MITRE Evaluations for MSSPs and MDRs a Giant Step for the Channel
The foundation behind the MITRE ATT&CK cybersecurity framework is turning its considerable expertise to helping managed security services providers (MSSPs) better understand how prepared they are to protect the systems and data of their many end customers.
Important Step for Managed Security
Chris Gonsalves, senior vice president of research at channel industry firm Channelnomics, applauded what MITRE Engenuity is doing.
“This is sorely, sorely, sorely needed,” Gonsalves told eSecurity Planet. “I don’t even have words to tell you from our view of the MSSP environment how badly something like this is needed.”
He noted that in 2014, Verizon in its influential annual Data Breach Investigations report (DBIR) for the first time stated how organizations determine that they have been breached.
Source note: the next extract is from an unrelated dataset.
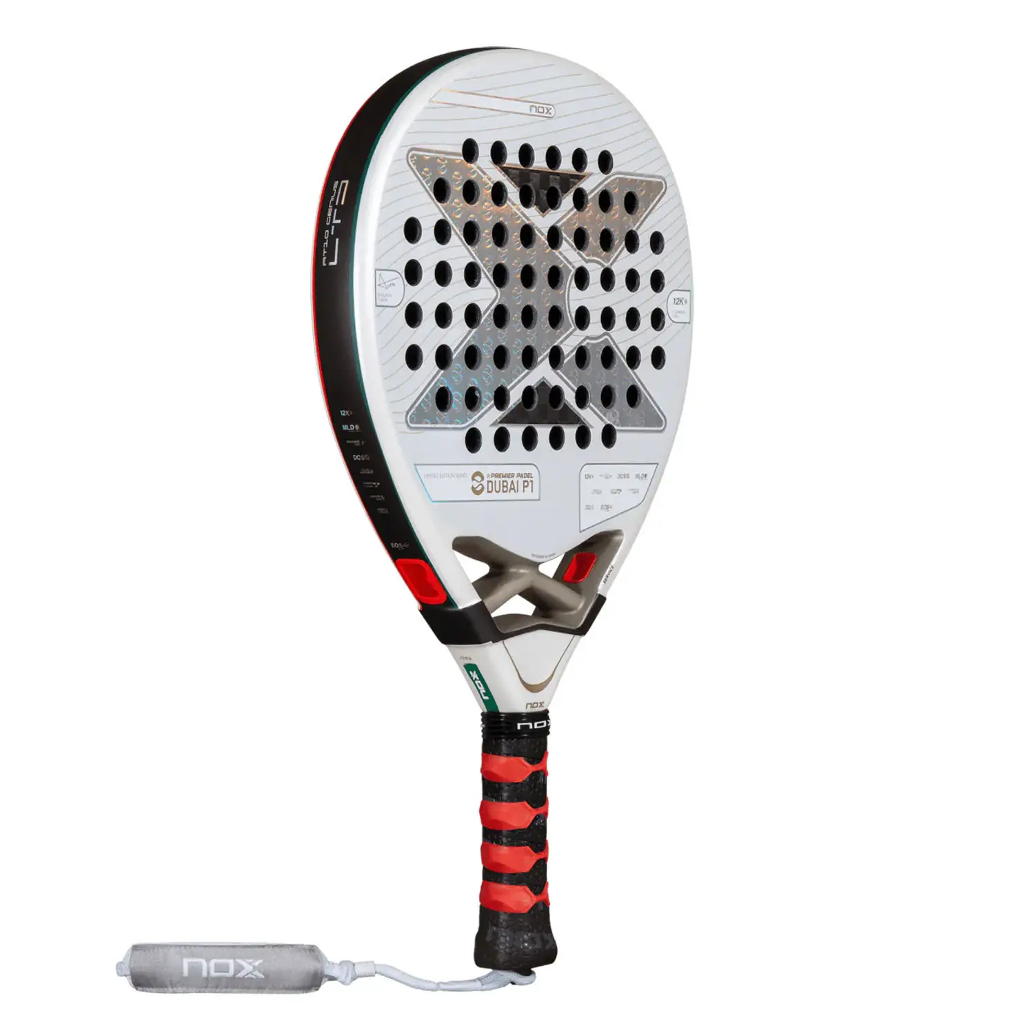 La Nox AT10 Genius Dubai Limited Edition est une raquette de padel en forme de goutte d’eau , elle offre donc un équilibre idéal entre puissance et contrôle, idéale pour les joueurs qui recherchent la précision sans sacrifier la puissance. Son poids est compris entre 360 et 375g et son frame 100% carbon garantit maniabilité, durabilité et fermeté. Raquette de padel exclusive Dubai Premier Padel 2024.

The number-one way was being contacted by either a customer or a law enforcement agency. The least likely was via their MSSP.
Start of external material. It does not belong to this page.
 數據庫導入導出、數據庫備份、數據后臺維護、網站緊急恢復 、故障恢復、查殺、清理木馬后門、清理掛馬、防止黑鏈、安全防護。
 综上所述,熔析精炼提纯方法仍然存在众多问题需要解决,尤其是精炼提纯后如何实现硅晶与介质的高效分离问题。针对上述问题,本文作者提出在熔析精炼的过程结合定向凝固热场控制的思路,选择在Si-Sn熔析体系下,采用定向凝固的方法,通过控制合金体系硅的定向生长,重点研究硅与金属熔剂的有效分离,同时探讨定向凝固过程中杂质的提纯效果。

“You’re paying this person to protect your business and they’re the least likely to even know whether you’ve been breached,” Gonsalves said. “Why is that? It’s because while MSSP appears to be a lucrative marketplace, it is a significantly difficult technology sub-domain that requires expertise in information security that most managed services providers lack.”
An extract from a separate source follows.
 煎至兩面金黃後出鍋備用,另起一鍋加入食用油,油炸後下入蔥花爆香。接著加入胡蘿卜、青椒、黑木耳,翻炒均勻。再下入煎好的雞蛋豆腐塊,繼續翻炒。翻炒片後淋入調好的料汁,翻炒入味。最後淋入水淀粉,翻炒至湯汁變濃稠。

Lack of Expertise as Demand Grows
As the demand for managed security services has increased over the past several years, players in the channel like VARs that had little to no expertise in that area have begun to offer such services, Gonsalves said.
They wanted to present themselves as practitioners in this increasingly lucrative space but many didn’t do the hard work necessary to become experts. There are very good MSSPs in the market that have all the necessary skills, tools and understanding of the threats in the space to protect their end customers. The problem is that they’re a minority.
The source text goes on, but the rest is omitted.